"máquina de guerra" é uma proposta filosófica formulada por Gilles Deleuze e Félix Guattari, que não diz respeito ao poder bélico e estatal, mas a uma potência inventiva e nômade, capaz de escapar e causar fissuras no poder dominante, inventando para si "linhas de fuga" e novas formas de ver e habitar o mundo.

30/10/2024

O CORPO COMO SENDA E CONDIÇÃO PARA O SER (Prefácio- Profa. Dra. Renata Bomfim)

 


O CORPO COMO SENDA E CONDIÇÃO PARA O SER

Prefácio para o poemario 

A Euforia do Corpo, de Anaximandro Amorim

Anaximandro Amorim é advogado e professor, mas, antes de construir um vasto currículo profissional, tornou-se escritor. Foi em 2001 que ingressou no universo literário integrando a Academia Jovem Espírito-Santense de Letras, considerada, institucionalmente, a primeira Academia Jovem de Letras do Brasil. Na atualidade, o escritor é autor de obras que transitam entre a prosa e a poesia e continua atuante no campo cultural integrando várias instituições, dentre as quais a Academia Espírito-santense de Letras.

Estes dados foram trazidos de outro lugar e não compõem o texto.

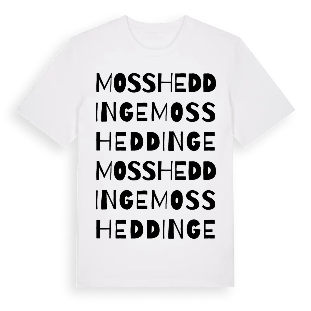 Mossheddinge ordlek t-shirt är inspirerad av Mossheddinge i Skåne län, Sverige. Tröjan är designad för dig som har en speciell koppling till platsen – oavsett om du bor här, har rötterna här eller bara älskar Mossheddinge.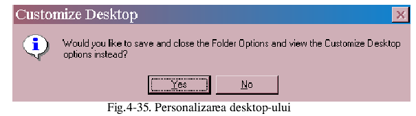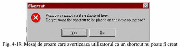 Prin fereastra dialog de mai sus sunteti atentionat ca nu puteti crea un shortcut catre obiectul respectiv in fereastra My Computer Vi se propune crearea shortcut-ului pe desktop. Daca aceasta varianta va multumeste atunci apasati butonul Yes; altfel, apasati butonul No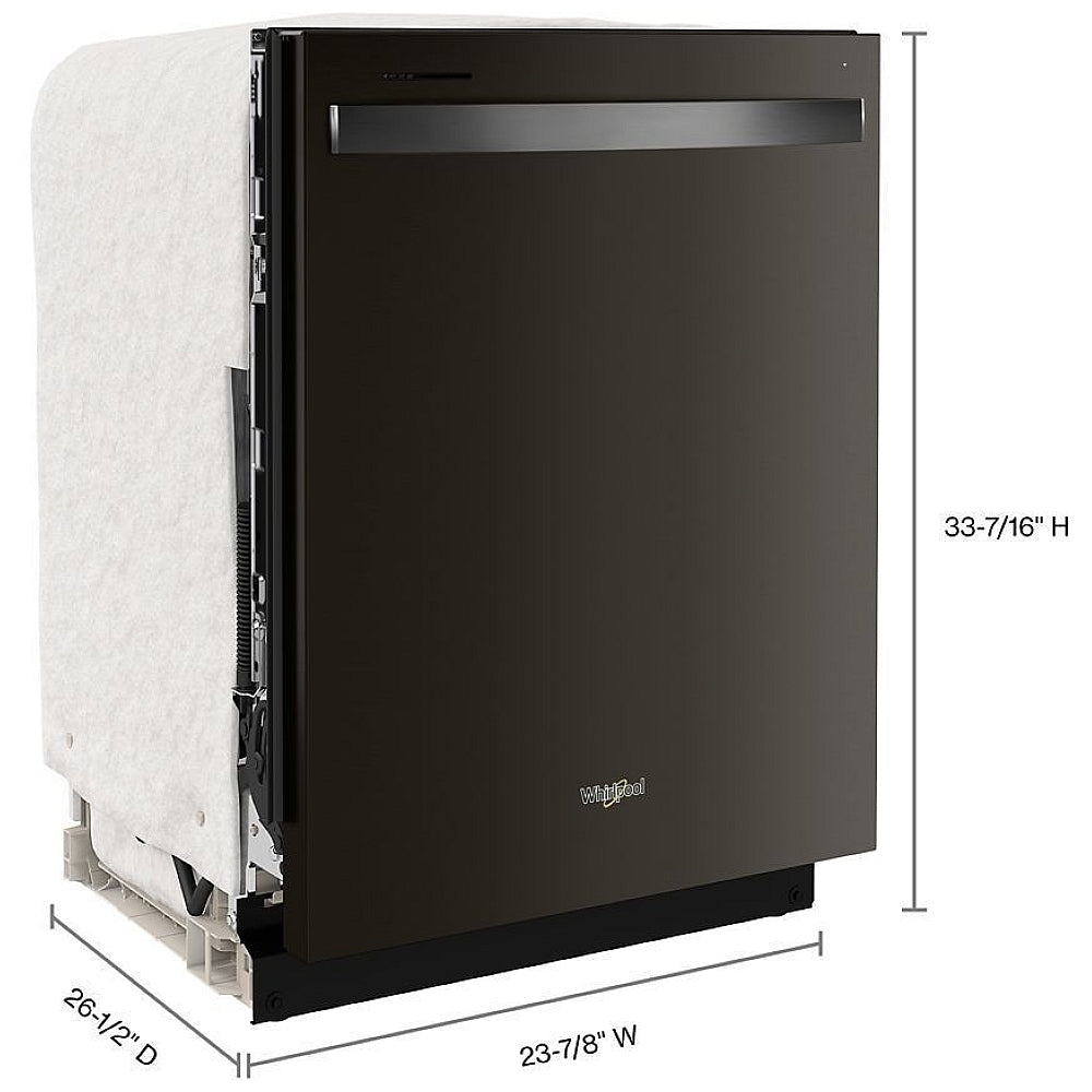 The Whirlpool WDT750SAKV Dishwasher measures 24 inches in exterior width and 35.5 inches in height.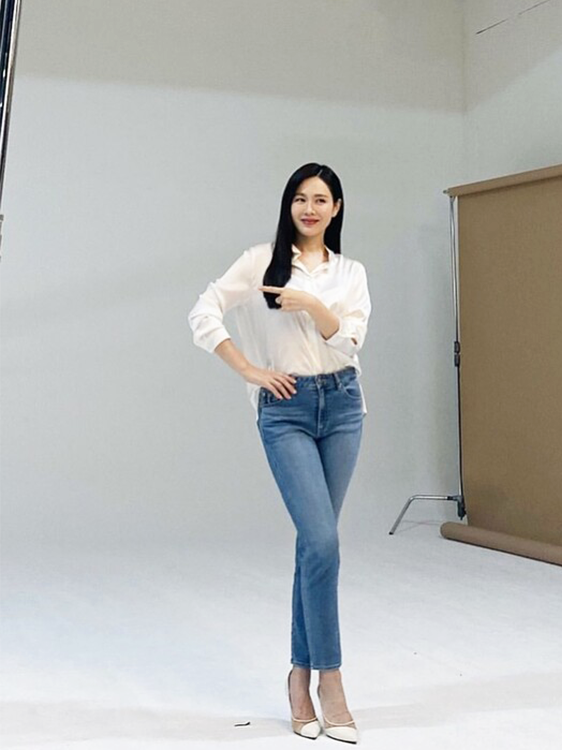 자연스러운 포즈와 밝은 미소 속에서도 그녀의 세련된 스타일 감각이 돋보였으며, 실루엣을 살려주는 슬림한 데님이 전체적인 라인을 더욱 강조했다.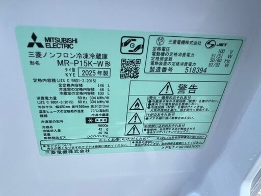 【最速入荷!】2025年製!三菱電機 146L冷蔵庫 MR-P15K-W マットホワイトが驚きの価格で登場!出張買取・販売は八光へ!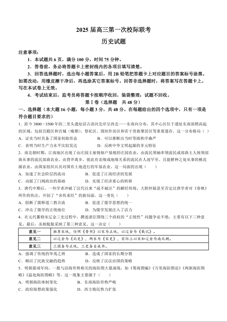 陕西省2025届高三第一次校际开学联考历史+答案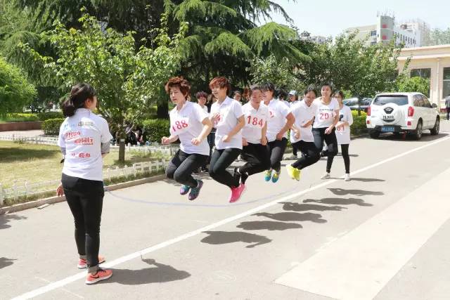 一分钟跳大绳:参赛队员们一个接一个的跳跃起来。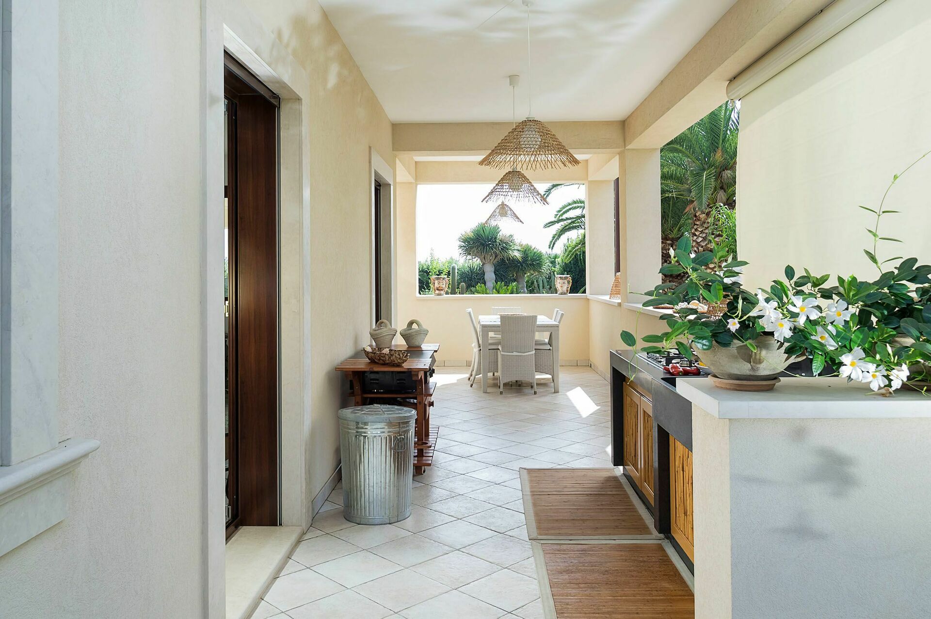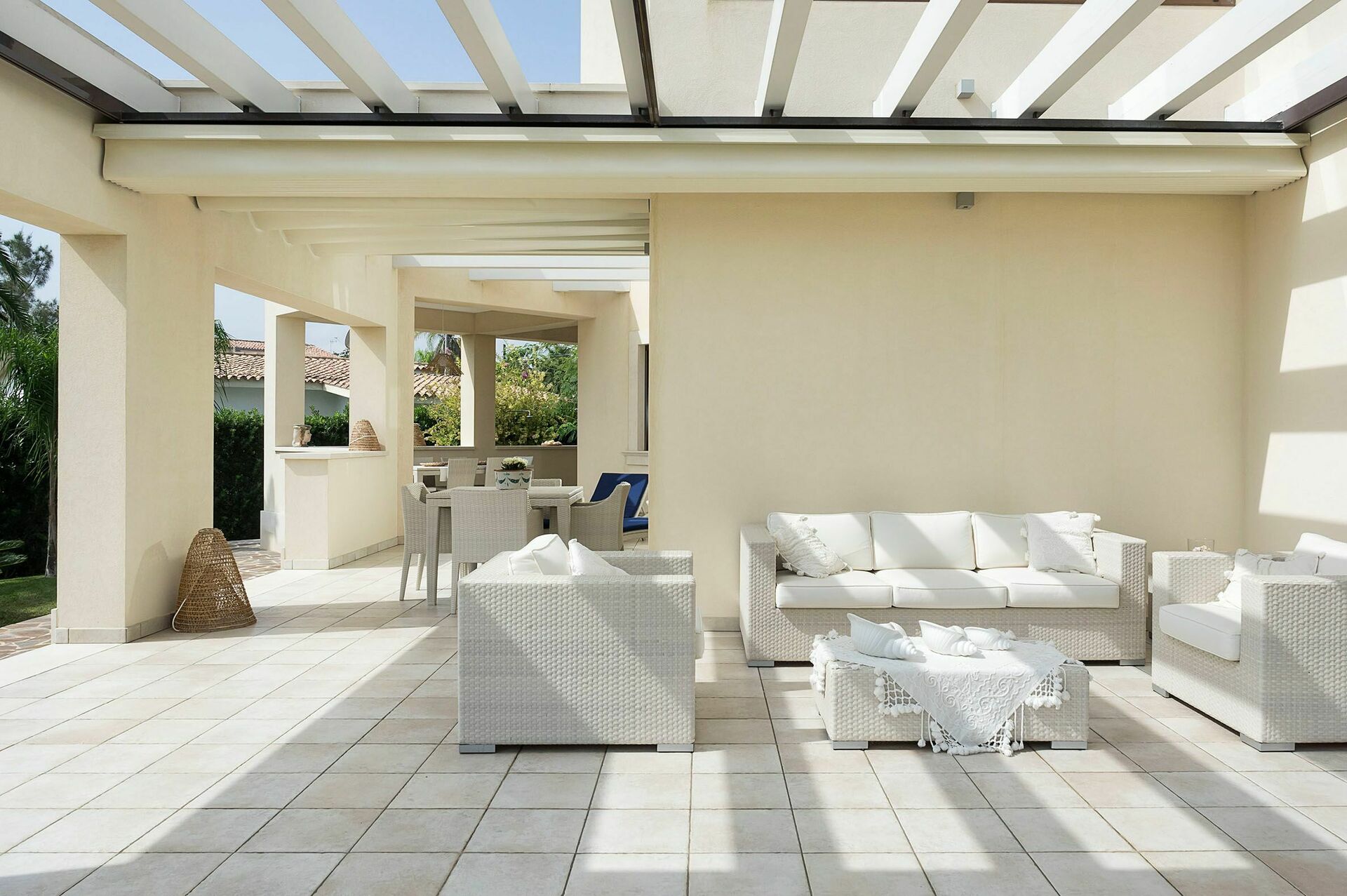 Udvendig: veranda, terrasser, have, udekøkken.

A leitura inicial de A euforia do corpo me rememorou as ideias de Roland Barthes, para quem a escrita, afastada dos deveres e pressupostos do fazer científico, possui a potência de produzir diferenças, provocar deslocamentos e descentralizar sujeitos e palavras. Barthes nos diz, também, que o corpo vincula-se à escritura por meio do prazer. Foi a partir desse prisma que passei a deleitar-me com a leitura desse poemario e compartilharei com vocês, leitores, algumas sendas por onde passei nesse espaço dinâmico e plural.

Acredito que A euforia do corpo busca implicar os leitores num percurso de ambiguidades — rompendo com obviedades —, a começar pelo título, indicativo de estados abissais do ser, pois, a euforia pode indicar tanto alegria e otimismo quanto o seu oposto, o patológico, bipolar, a euforia depressiva. Jacques Lacan referiu-se à depressão como uma espécie de covardia moral, uma recusa do sujeito frente ao seu desejo. Anaximandro aceitou o chamado interno para refletir poeticamente sobre temas e conteúdos pulsantes e limítrofes. O escritor elegeu o filósofo francês Jean-Luc Nancy, estudioso de Lacan, como interlocutor privilegiado, como poderão observar em mais de duas dezenas de epígrafes. Essa escolha, que julgo ser consciente e bastante adequada, põe em cena o ente delimitador-mor da existência e condição primeira para a materialização de outros corpos: o corpo. A jornada começa com o impulso que arremessa para “fora (ex) do não-ser”. Sob o signo/bússola do desejo, — negado ou vivido às últimas consequências —, o saudável e o que, oprimido no inconsciente busca vir à luz, se comunicam como instâncias afins.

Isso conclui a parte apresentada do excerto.